THE WILD ROBOT ESCAPES

Roz, a robot who learned to adapt to life among wild creatures in her first outing, seeks to return to the island she calls home.

Brown’s sequel to The Wild Robot (2016) continues an intriguing premise: What would happen to a robot after challenges in an unexpected environment cause it to evolve in unusual ways? As this book opens, Roz is delivered to a farm where she helps a widower with two young children run a dairy operation that has been in his family for generations. Roz reveals her backstory to the cows, who are supportive of the robot’s determination to return to the island and to her adopted son, the goose Brightbill.

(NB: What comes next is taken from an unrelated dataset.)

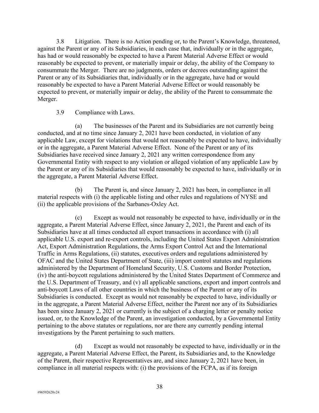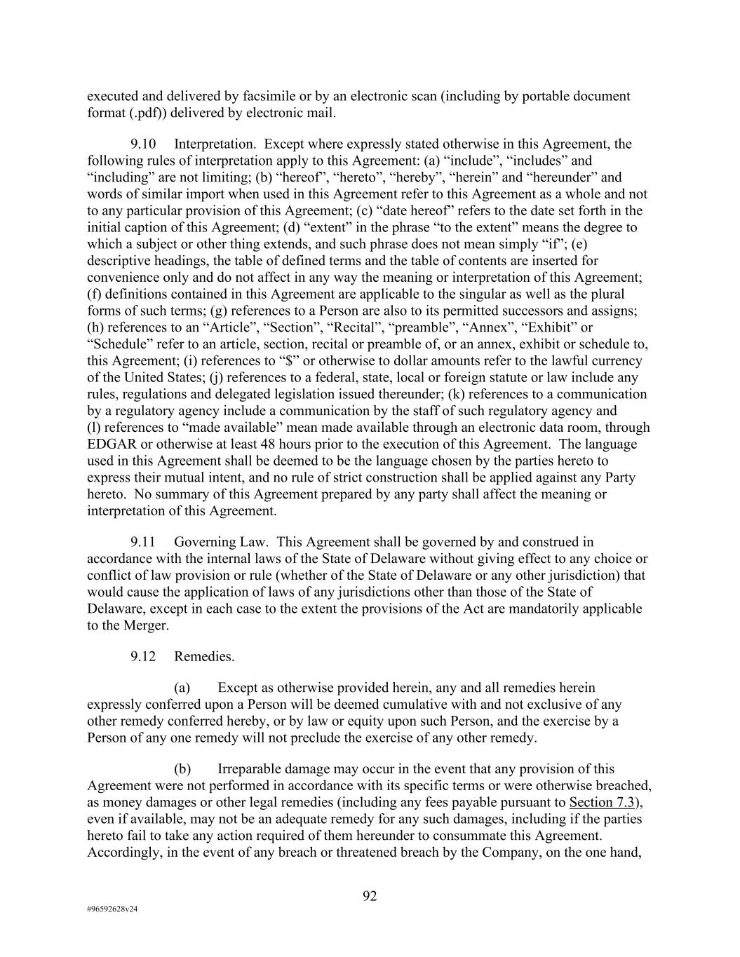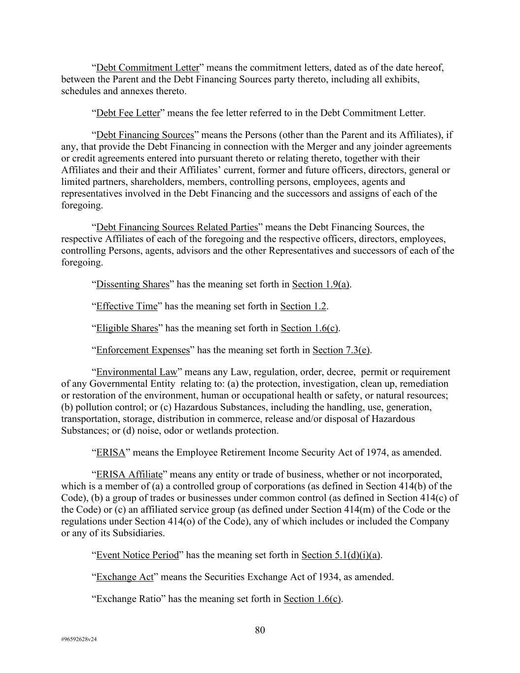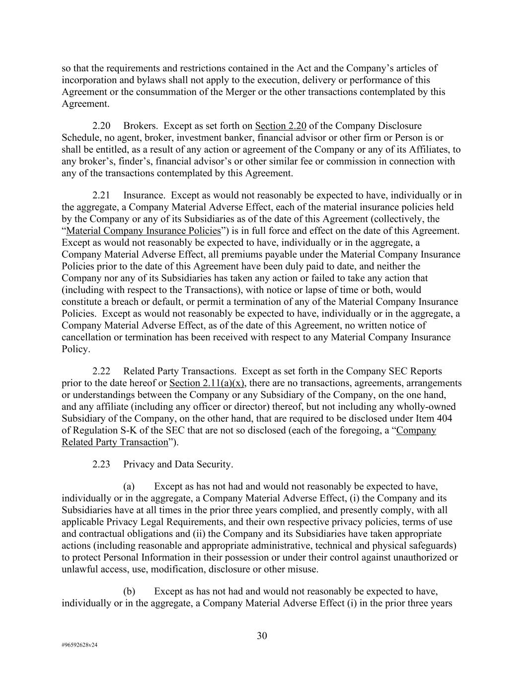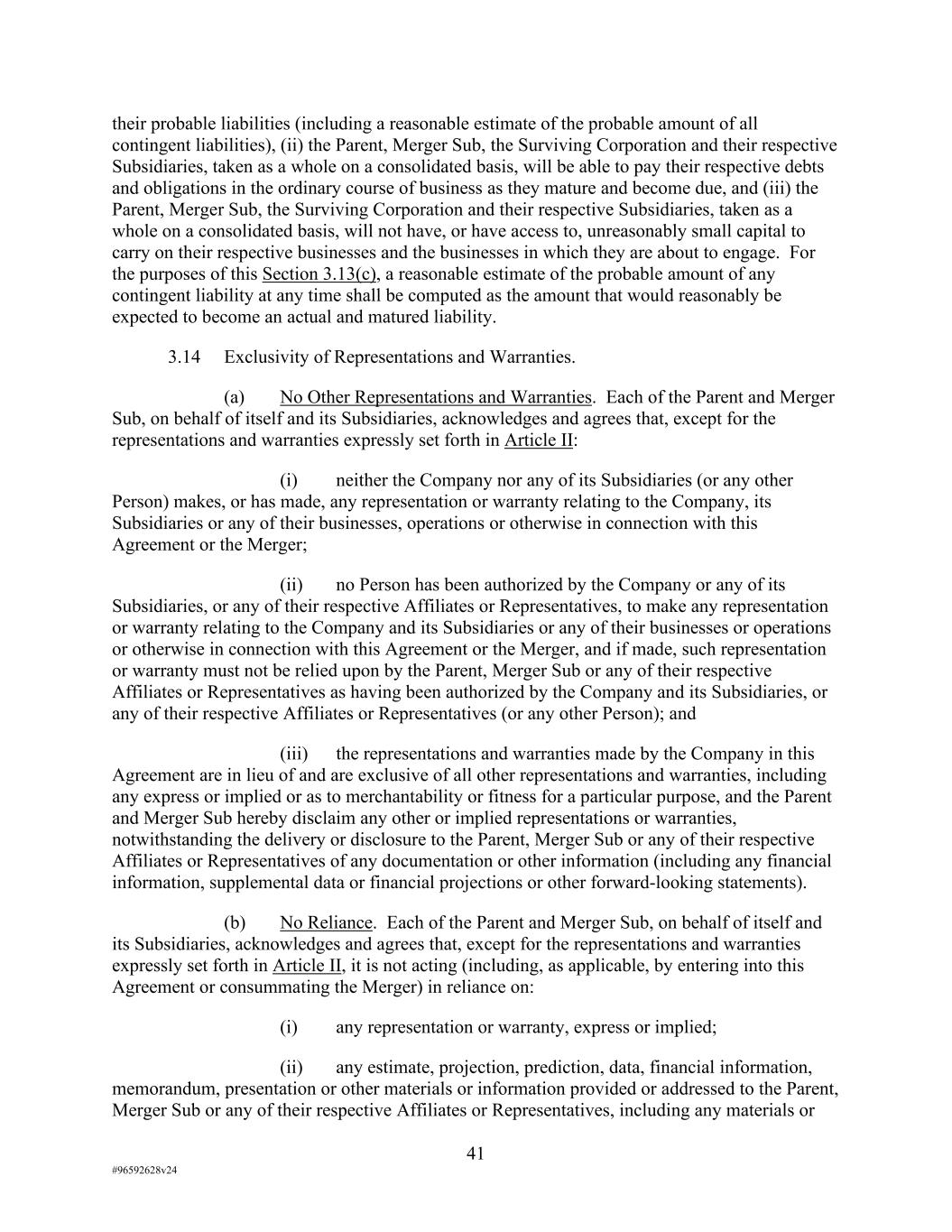 The foregoing description of the Merger Agreement and the transactions contemplated thereby in this Current Report on Form 8-K is only a summary and does not purport to be complete and is qualified in its entirety by reference to the full text of the Merger Agreement, a copy of which is filed as Exhibit 2.1 hereof and incorporated by reference herein. Such description is not intended to provide any other factual information about the parties to the Merger Agreement or their respective subsidiaries and affiliates. The Merger Agreement contains representations and warranties by each of the parties to Merger Agreement, which were made only for purposes of that agreement and as of specified dates. The representations, warranties and covenants in the Merger Agreement were made solely for the benefit of the parties to the applicable agreement, are subject to limitations agreed upon by the contracting parties, including being qualified by confidential disclosures made for the purposes of allocating contractual risk between the parties to the Merger Agreement instead of establishing these matters as facts, as well as by information contained in each party’s periodic reports filed with the SEC, and may be subject to standards of materiality applicable to the contracting parties that may differ from those applicable to investors. Investors should not rely on the representations, warranties and covenants or any descriptions thereof as characterizations of the actual state of facts or condition of such parties or any of their respective subsidiaries or affiliates. Moreover, information concerning the subject matter of the representations, warranties and covenants may change after the date of the Merger Agreement, which subsequent information may or may not be fully reflected in the parties’ public disclosures.

The cows, the children, and finally Brightbill himself come to Roz’s aid. The focus on Roz’s escape from human control results in a somewhat solemn and episodic narrative, with an extended journey and chase after Roz leaves the farm. Dr. Molovo, a literal deus ex machina, appears near the end of the story to provide a means of rescue. She is Roz’s designer/creator, and, intrigued by the robot’s adaptation and evolution but cognizant of the threat that those achievements might represent to humans, she assists Roz and Brightbill in their quest. The satisfactory (if inevitable-feeling) conclusion may prompt discussion about individual agency and determination, whether for robots or people.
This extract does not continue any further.